This week, we had an additional meeting with Professor Kim because there weren’t any mandatory lab meetings due to the ethics discussion, and we also wanted to inform him about our progress after the interim demo.
For the item recognition part, I had to increase the item classification accuracy. For the interim demo, the previous model I implemented had 58% item classification accuracy. However, after the discussion during the interim demo, I have realized that I needed to increase the recognition accuracy by a significant amount. While I initially thought that the 60% accuracy was acceptable (and 50% accuracy for the MVP), as the user can manually type the item information whenever the wrong item suggestion is given, I also agreed with the fact that higher accuracy is desirable to decrease the user burden. I had to completely change the model and the better model that I was able to find was the VGG16 CNN model (For more information of VGG16 model: VGG16 Paper and Blog post).

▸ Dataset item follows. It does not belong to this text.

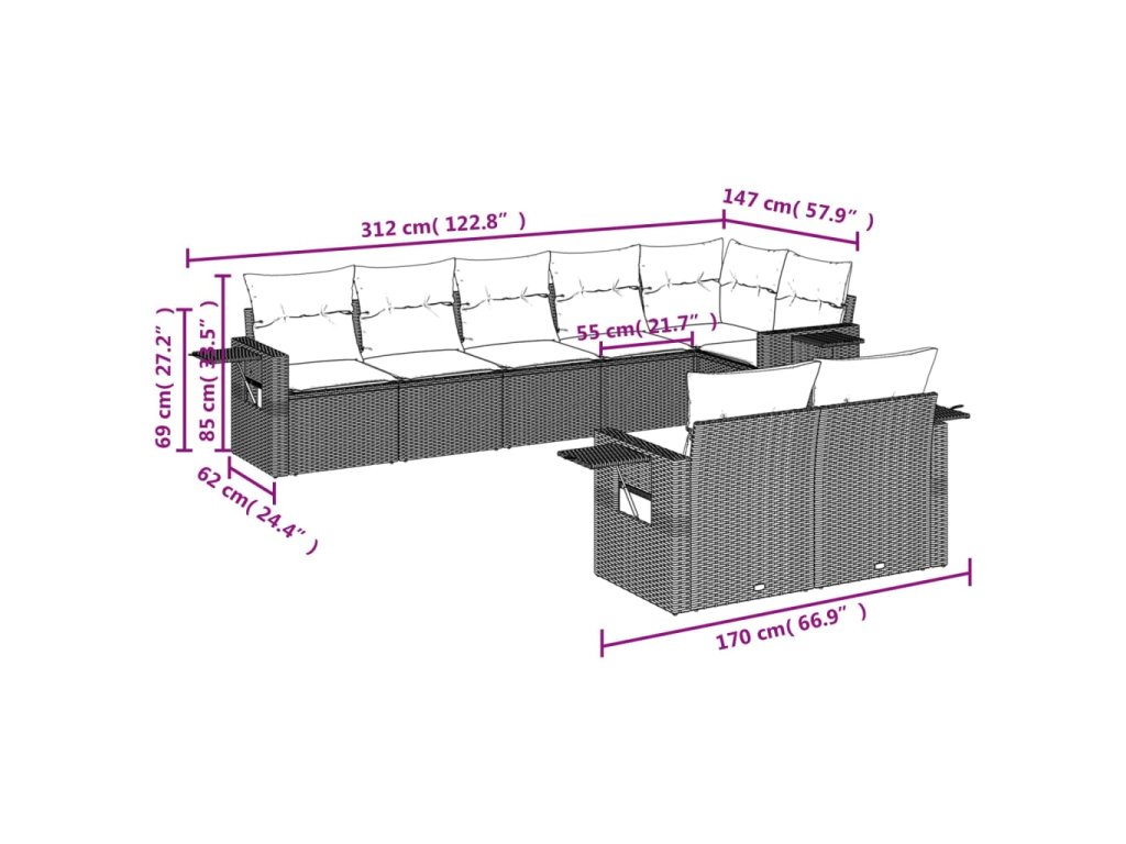 Tato zahradní sedací souprava je dokonalým doplňkem vaší zahrady, terasy nebo dvorku a poskytne vám pohodlné a příjemné místo, kde si můžete povídat s rodinou a přáteli nebo jen tak odpočívat a užívat si pobyt venku.

This model was provided by the Python Tensorflow and Keras, so I coded and trained the newly implemented VGG16 model. I also had to change the dimension of the images from 256 x 256 to 224 x 224 because the initial convolution layer takes in the 224 x 224 image and the 224 x 224 dimension is widely used in machine learning models for image classification. Another step I also took to increase the accuracy was to have a validation set. With the validation set, I could find the best hyperparameter, which was the number of epochs to train the model. I stopped the number of epochs to train when the validation accuracy and validation loss gets converged. Among 50 epochs, which took way long time, I was able to find the accuracy got converged around 15 epochs, so I stopped training there.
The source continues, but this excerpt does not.